Gods & Monsters (Serpent & Dove #3) by Shelby Mahurin



My fingers ached on the hilt of my knife. My throat tightened. I couldn’t breathe. “I just want my memories back, witch.”

Those haunting eyes fell to my blade, and she stepped forward. Once. Twice. Three times. She walked until her chest met its tip, and then she leaned farther still, drawing a bead of blood. Only then did her eyes return to mine. Only then did she whisper against my lips, “I want that too.”

I stared at my knife. At her blood. A quick thrust would do it. One simple movement, and La Dame des Sorcières would be dead. Incapacitated, at the very least. She’d be helpless to stop me from pitching her body in the fire—the magic fire. It’d be almost poetic to watch her burn upon it. She’d be ash before the others could save her.

A quick thrust. One simple movement.

She would drive me mad unless I did it.

We stayed that way for another second, another hundred seconds—tense, poised—but a shout sounded from across the treasury, breaking our standoff. “It’s here!” Célie’s laughter swelled between us. “I found it!” With a smirk, Lou stepped backward.
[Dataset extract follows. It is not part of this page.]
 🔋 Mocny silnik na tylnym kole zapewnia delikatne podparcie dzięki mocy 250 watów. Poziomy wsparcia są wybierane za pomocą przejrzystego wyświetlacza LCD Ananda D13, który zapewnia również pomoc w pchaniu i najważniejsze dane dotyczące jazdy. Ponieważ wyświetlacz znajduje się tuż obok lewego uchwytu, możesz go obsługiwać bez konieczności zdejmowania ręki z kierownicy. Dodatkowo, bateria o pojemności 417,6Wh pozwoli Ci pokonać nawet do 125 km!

Away from me. In her absence, I could breathe again. I could hate.

The woman would drive me mad until I did it.

“You’re lucky,” I said darkly, sheathing my knife.
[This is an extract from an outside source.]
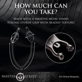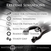 A timeless classic. The Monarch Nipple Vice provides a light initial sensation...until the chain is pulled. They become increasingly harsh as more tension is added to the chain. The clover-style mechanism gives the Monarch a tight and unyielding grip on sensitive flesh. Ideal for solo play or with the one you want to dominate.
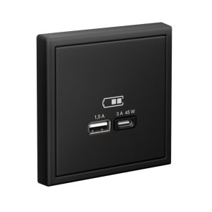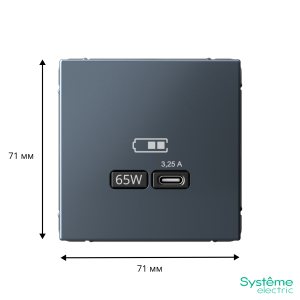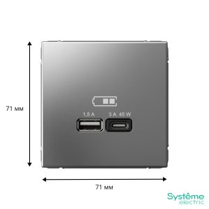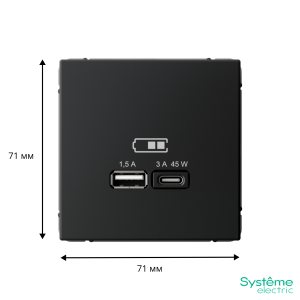 Розетка ATLASDESIGN двойная с заземлением 16А в сборе карбон

“Funny. I don’t feel lucky at all.”

Her smirk seemed brittle as she turned to follow Célie’s voice, gifting me her back. Every fiber in my being longed to lunge. To attack. I even bent my knees, stopping only when a sapphire glinted in my periphery. I froze. From within a drawer of the wardrobe peeked the silver hilt of a Balisarda. It looked as if it’d been stuffed there haphazardly. Stowed away and forgotten. A jolt seared through my body. A lightning strike.
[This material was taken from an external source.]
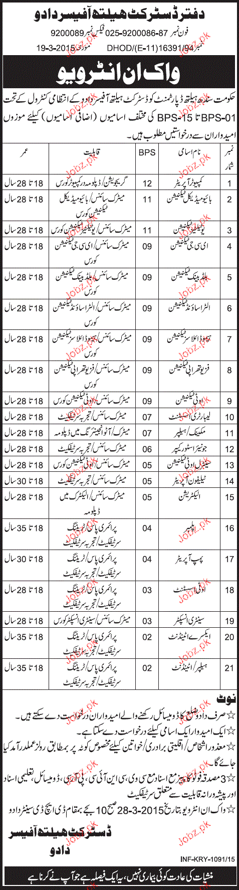 Latest Government Medical Posts Dadu 2025

Carefully, quietly, I slipped the Balisarda into my bandolier.

We found Célie, Jean Luc, and Beau congregated beside the fire. Coco converged on them the same moment we did. Immediately, Célie thrust the unexceptional ring into her palm. “I found it,” she repeated, breathless with excitement. With something else. When her eyes flicked to Coco’s collar near imperceptibly, I followed the movement. A locket glittered there. “Here. Take it.”

Coco examined the ring for a long moment before she smiled. “You would be the one to find it.” With an appreciative nod to Célie, she handed it to Lou, who slipped it on her finger like it belonged there. I frowned. “Thank you, Célie.”

“We should go,” Beau urged. “Before Morgane comes back.”

In agreement, we retreated down the stairs, but it wasn’t Morgane who met us at the door.

It was Manon.





Ask Me No Questions


Reid

Feet planted wide—arms gripping each side of the threshold—she met us with a frighteningly blank expression. Trapping us here. All traces of her tears had been scrubbed away since the corridor below. “Chamomile tea, Louise?”

Lou edged to the front of our group, her hand brushing mine as she passed. The touch tingled. I jerked away. “You looked like you needed it,” she said, gesturing to Manon’s general dishevelment. Her airy tone felt forced, as did her smile. “I’m assuming you didn’t heed my advice and drink it. When have you last slept?” Manon didn’t answer. Shouts below wiped the smile from Lou’s face all the same. Her eyes flew wide. “You—did you tell my mother—?”

“Not yet. I had to be sure of the intruder. But I told others. They will inform Our Lady soon.”

“Shit, shit, shit. Shit.” Exhaling a harsh, incredulous breath, Lou clenched her fists before seizing Manon’s collar and yanking her into the stairwell. Beau slammed the door behind them. “This is fine. They don’t know I’m here specifically. We can still—”

“You will not escape again, Louise,” Manon said, her eyes still flat and unexpressive.

“Just—just—” Lou wrung a fist in the witch’s face, and Manon stiffened like a board, unable to move. “Just shut up for a second, Manon. I need to think.” To Coco, Jean Luc, and me, she said hastily, “We can’t go out the way we came in. Any brilliant ideas?”

“We fight our way out,” I said instantly.

Jean Luc’s brow furrowed as he considered strategy. “There are six of us. Enemy numbers unknown. We’ve claimed the higher ground, but we’d need to form a choke point—”

I pounded my fist against the door. “We have one. They can’t break the enchantment—”

“You’re both idiots.” Lou turned imploring eyes on Coco. “Was there anything in the treasury we could use?”

“Can’t you just show them the Goddess has revoked Morgane’s blessing?” Beau waved his hands wildly. “You are their queen now, correct?”

“Again, why didn’t I think of that? I’ll tell you what, Your Highness, why don’t you command your people to stop burning witches, so all of our problems go away?” She turned back to Coco before he could answer. “There was magic fire.”

Clenching her own eyes shut, Coco rubbed her temples. “And plated glass. I also saw chains and swords and—” Her gaze snapped to Lou’s once more, and realization passed between them like a bolt of lightning.